The slightly larger graphs for semantic role analogies (teacher, bird: 1,040–1,071 nodes) relative to capital analogies (Berlin, Rome, Tokyo: 905–963 nodes) may reflect that semantic role completions require broader world-knowledge access — knowing that teachers work in schools, or that birds inhabit air — rather than purely relational computation over a discrete, well-encoded geographic fact [2].
Average activation magnitudes of core circuit features increase substantially with layer depth:
| Layer Range | Role | Typical Activation |
|---|---|---|
| L0 (structural) | Token and syntax parsing | 1.5 – 6.4 |
| L5 (analogy hub) | Analogy concept activation | 7.4 – 11.1 |
| L8–L9 (detectors) | Comparison detection | ~13.4 |
| L10–L13 (integration) | Relational + domain integration | 9.1 – 16.3 |
This monotonically increasing pattern is consistent with an accumulating signal as the relational structure is assembled.
The attribution graph analysis identifies recurring features and causal path structures but does not by itself establish whether these features are causally necessary for the model's predictions. To distinguish load-bearing circuit components from high-activation but functionally inert nodes, we performed systematic causal steering experiments via the Neuronpedia API [8].
analog_berlin — "Paris is to France as Berlin is to" → Germany (p=0.973)

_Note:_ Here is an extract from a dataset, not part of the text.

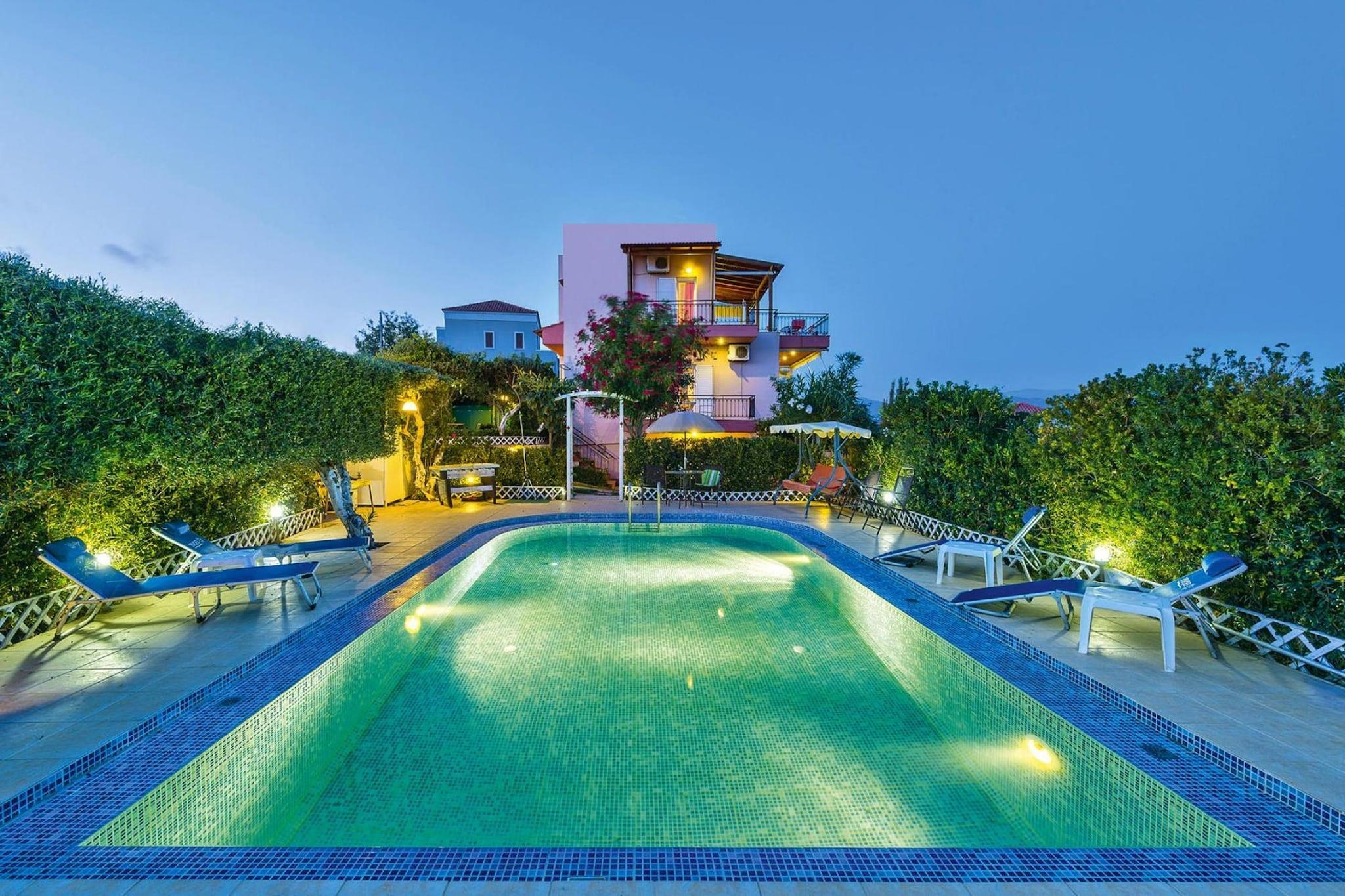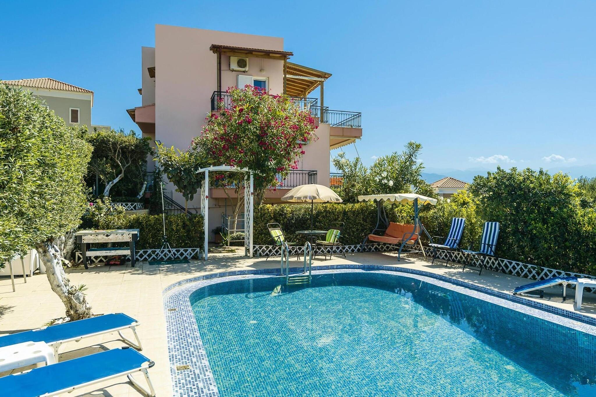 Det komfortable feriehus med privat pool ligger på en bakke over turistbyen Kolimbari og har en smuk panoramaudsigt over havet. Du kan slappe af i den smukt bevoksede have med solterrasse, liggestole og parasoller. Kolimbari-stranden samt restauranter, caféer og butikker ligger 2 km derfra. Detaljer: forbrugsbaserede energiomkostninger, sengelinned, håndklæder, slutrengøring

| Feature | Layer | Index | Role | Steered Token | Necessary? |
|---|---|---|---|---|---|
| Science hub | 21 | 4827 | Strongest path entry (edge +198.0) | Germany | no |
| Relay | 22 | 15670 | Path 1 relay | Germany | no |
| Output driver A | 25 | 4717 | Final amplifier (shared across circuits) | Germany | no |
| Location encoder | 16 | 6491 | Location/direction feature, path 2 entry | Germany | no |
| Relay | 17 | 14546 | Mid-cascade relay | Germany | no |
| Relay | 19 | 5773 | Late relay | Germany | no |
| Integrator | 21 | 7482 | Integration hub (paths 2–4) | Germany | no |
| Output driver B | 25 | 2725 | Secondary output driver (edge −2.09) | the | YES |
| Relation applier | 19 | 855 | Relation application node | Germany | no |
1/9 necessary. Only L25/2725 is a single point of failure. The highest-weight feature (L21/4827, edge +198.0) is not individually necessary, demonstrating that attribution weight alone does not predict causal necessity — a key methodological lesson consistent with prior circuit analysis work [3, 4].
analog_rome — "Paris is to France as Rome is to" → Italy (p=0.974)

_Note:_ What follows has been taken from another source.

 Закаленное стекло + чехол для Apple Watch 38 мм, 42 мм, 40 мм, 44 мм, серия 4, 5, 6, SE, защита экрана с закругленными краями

| Feature | Layer | Index | Role | Steered Token | Necessary? |
|---|---|---|---|---|---|
| Relay | 20 | 15360 | Backward path from logit | Italy | no |
| Late gate | 24 | 16122 | Backward path, L24 suppression gate | the | YES |
| Output driver | 25 | 286 | Backward path, output driver | the | YES |
| Final amplifier | 25 | 4717 | Shared final amplifier (act=265.2) | the | YES |
| Output driver C | 25 | 10521 | Tertiary output driver | the | YES |
| Relay | 17 | 14546 | Mid-cascade relay (shared with Berlin) | Italy | no |
| Relay A | 22 | 12202 | Late relay | Italy | no |
| Relay B | 22 | 14727 | Late relay | Italy | no |
| Relay | 23 | 5917 | Late relay | Italy | no |
| Secondary gate | 24 | 13277 | Late gate | Italy | no |
4/10 necessary. The Rome circuit has more single points of failure than Berlin despite near-identical confidence (p=0.974 vs 0.973), indicating path redundancy varies even among structurally similar geographic analogies.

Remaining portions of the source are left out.